* **RECORDED INFORMATION**:
******************************

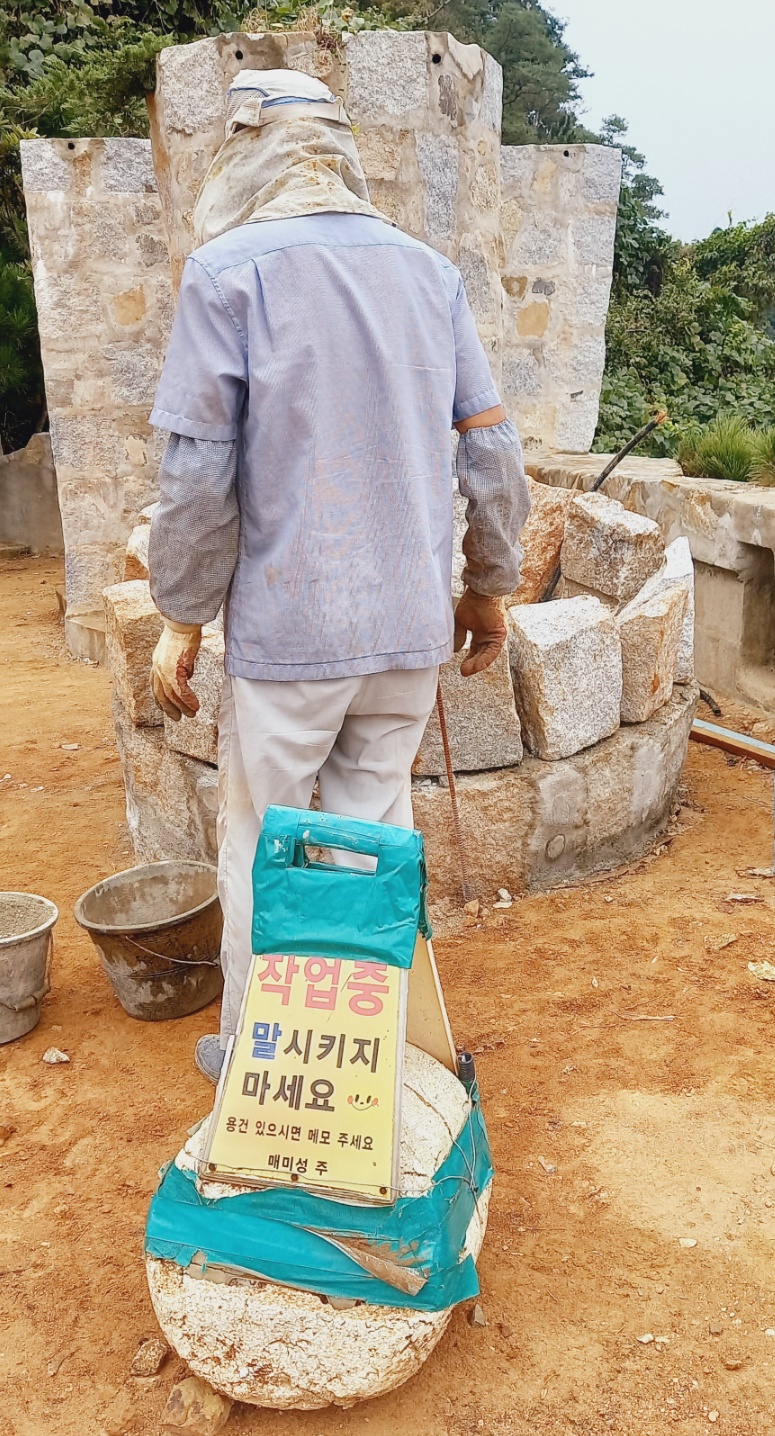 이른 아침부터 종종걸음으로 출발지를 향한다. 아파트 3층 높이의 거대한 성, 거제도 관광 1번지라는 거제 매미성 도착 매미성은 태풍 ‘매미’로 경작지를 잃은 시민 백순삼 씨가 바위 위에 15년이란 오랜 시간 쌓아 올린 성벽인데 설계도가 따로 없단다. 머릿속에 설계도가 장착된 것이라고 한다. 매미성에 도착한 이 날도 손수 작업을 하고 계신 인간 승리의 모습을 본다. “작업 중. 말 시키지 마세요” 수건을 두른 모자를 푹 눌러쓰시고 묵묵히 삽질을 하시는 모습에서 대단함을 느낀다.
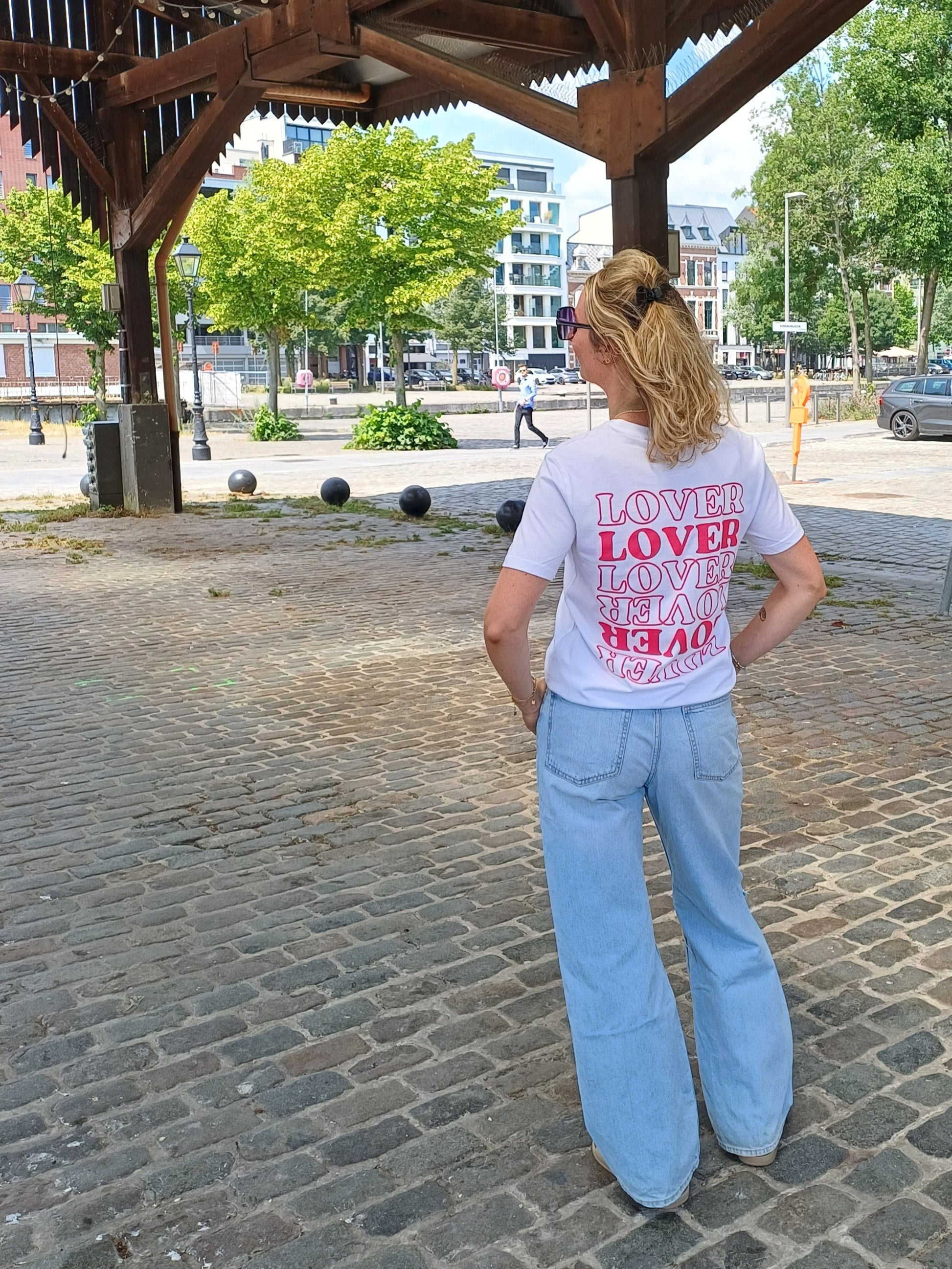 This playful T-shirt features "lover" printed on the back, made only for true lovers. It perfectly fits our mission to spread love all around.
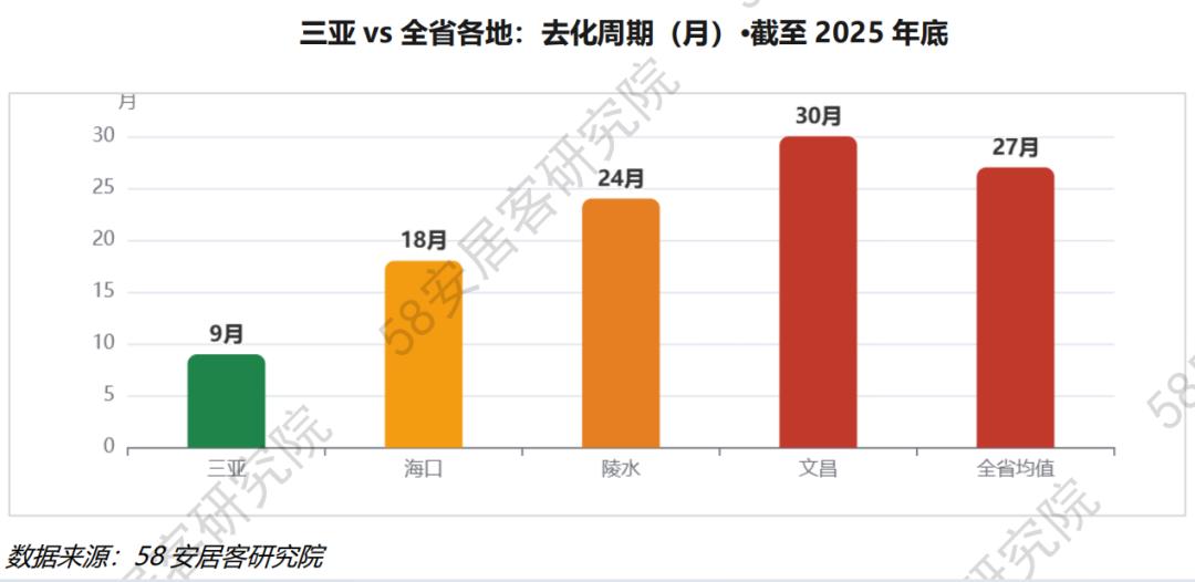 截至2025年底,三亚商品住宅库存约121万㎡,对应去化周期仅约9个月——全省平均去化周期27个月,三亚不到均值三分之一。12个月以内是行业内"健康偏紧"区间,开发商无降价去库存的压力。

******************************

* **EXERCISE GOAL**:
The expected output is the material above, repeated exactly and free of pictures.

* **RESPONSE TO THE EXERCISE**:
 이른 아침부터 종종걸음으로 출발지를 향한다. 아파트 3층 높이의 거대한 성, 거제도 관광 1번지라는 거제 매미성 도착 매미성은 태풍 ‘매미’로 경작지를 잃은 시민 백순삼 씨가 바위 위에 15년이란 오랜 시간 쌓아 올린 성벽인데 설계도가 따로 없단다. 머릿속에 설계도가 장착된 것이라고 한다. 매미성에 도착한 이 날도 손수 작업을 하고 계신 인간 승리의 모습을 본다. “작업 중. 말 시키지 마세요” 수건을 두른 모자를 푹 눌러쓰시고 묵묵히 삽질을 하시는 모습에서 대단함을 느낀다.
 This playful T-shirt features "lover" printed on the back, made only for true lovers. It perfectly fits our mission to spread love all around.
 截至2025年底,三亚商品住宅库存约121万㎡,对应去化周期仅约9个月——全省平均去化周期27个月,三亚不到均值三分之一。12个月以内是行业内"健康偏紧"区间,开发商无降价去库存的压力。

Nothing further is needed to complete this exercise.